Recall that in 2005, Sen. John McCain sponsored the Federal Housing Enterprise Regulatory Reform Act, saying, "For years I have been concerned about the regulatory structure that governs Fannie Mae and Freddie Mac ... and the sheer magnitude of these companies and the role they play in the housing market. ... If Congress does not act, American taxpayers will continue to be exposed to the enormous risk that Fannie Mae and Freddie Mac pose to the housing market, the overall financial system, and the economy as a whole."

McCain noted that Fannie Mae and Freddie Mac regulators concluded that profits were "illusions deliberately and systematically created by the company's senior management."

McCain was right, but Democrats, including Barney Frank, chairman of the House Financial Services Committee, ensured that nothing would be done to alter current practices at Fannie and Freddie. "These two entities ... are not facing any kind of financial crisis," Frank said at the time.

The net result of the derivative dilution was a crisis of confidence in the U.S. economy, second only to that which led to the Great Depression.

Remember when Obama claimed, "We are fundamentally transforming the United States of America"? Well, we're in mid-transformation, and how are things looking now?

Obama also said, "Generations from now, we will be able to look back and tell our children that this was our time."

Indeed, his time to saddle them and their children with unprecedented debt, not only from his "stimulus" folly, but next up, ObamaCare, and then his job-killing cap-and-tax scheme.

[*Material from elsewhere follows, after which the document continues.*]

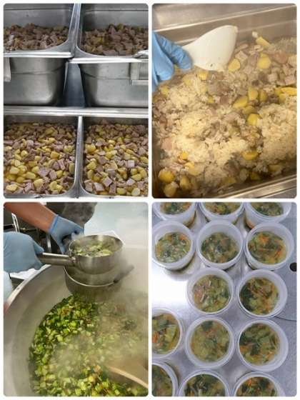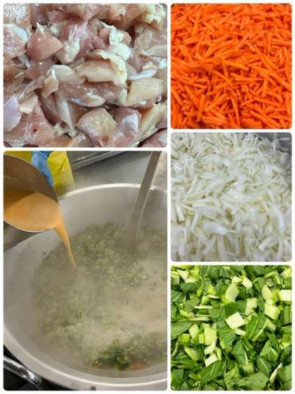 「卵スープ」は、鶏肉・にんじん・たまねぎ・チンゲンサイを使用した汁物です。液卵を流しいれる直前に除去食の児童の分を取り分け、専用の容器に入れて提供しました。

If you think you can count on the administration's estimates of the true cost of ObamaCare, think again. The Washington Times recently reminded us of the estimated cost of Medicare shortly after Democrats implemented it in 1965. Then, it was predicted to cost $12 billion by 1990. In actuality, it cost $98 billion, which is to say the original estimate was short by more than a factor of seven.

In my home state of Tennessee, we've already been there and done that. Our state's version of ObamaCare, known as TennCare, implemented by Democrats in 1994 ostensibly to contain healthcare expenses, has quickly grown to consume more than a third of state revenues.

The CBO now says that the $1 trillion estimated cost of ObamaCare is "subject to substantial uncertainty." How's that for qualifying understatement?

As for the big picture, U.S. National Debt topped the $12 trillion mark this week, or approximately $39,000 for every man, woman and child in America, and the federal deficit that Obama now pretends to be concerned about hit a record high $1.42 trillion for fiscal year 2009.

Obama's administration projects that the national debt will top $14 trillion by this time next year, and my sense is that they're being modest. At the current pace, within 10 years our national debt will exceed our Gross Domestic Product.

Of these staggering debt figures, Obama now claims, "I intend to take serious steps to reduce America's long-term deficit because debt-driven growth cannot fuel America's long-term prosperity."

But, what's his real endgame?

We can be certain that Obama's solution to deficits will not be less government. Instead, it will be unprecedented tax increases, a.k.a., socialist redistribution of wealth, a.k.a., "the fundamental transformation of America."

The Tax Foundation now estimates that to offset deficits, "Federal income tax rates would have to be nearly tripled across the income spectrum," with the lowest bracket at 27 percent and the highest at 95. Even the CBO estimates that rates would have to exceed 80 percent, and that's before state and local taxes.

Do you get the picture, folks?

Obama will succeed in his effort to socialize the U.S. economy, using the tax code as his hammer and sickle, unless growing ranks of Americans object to the fact that he has no constitutional authority to do so.

In the meantime, Patriots, keep your powder dry.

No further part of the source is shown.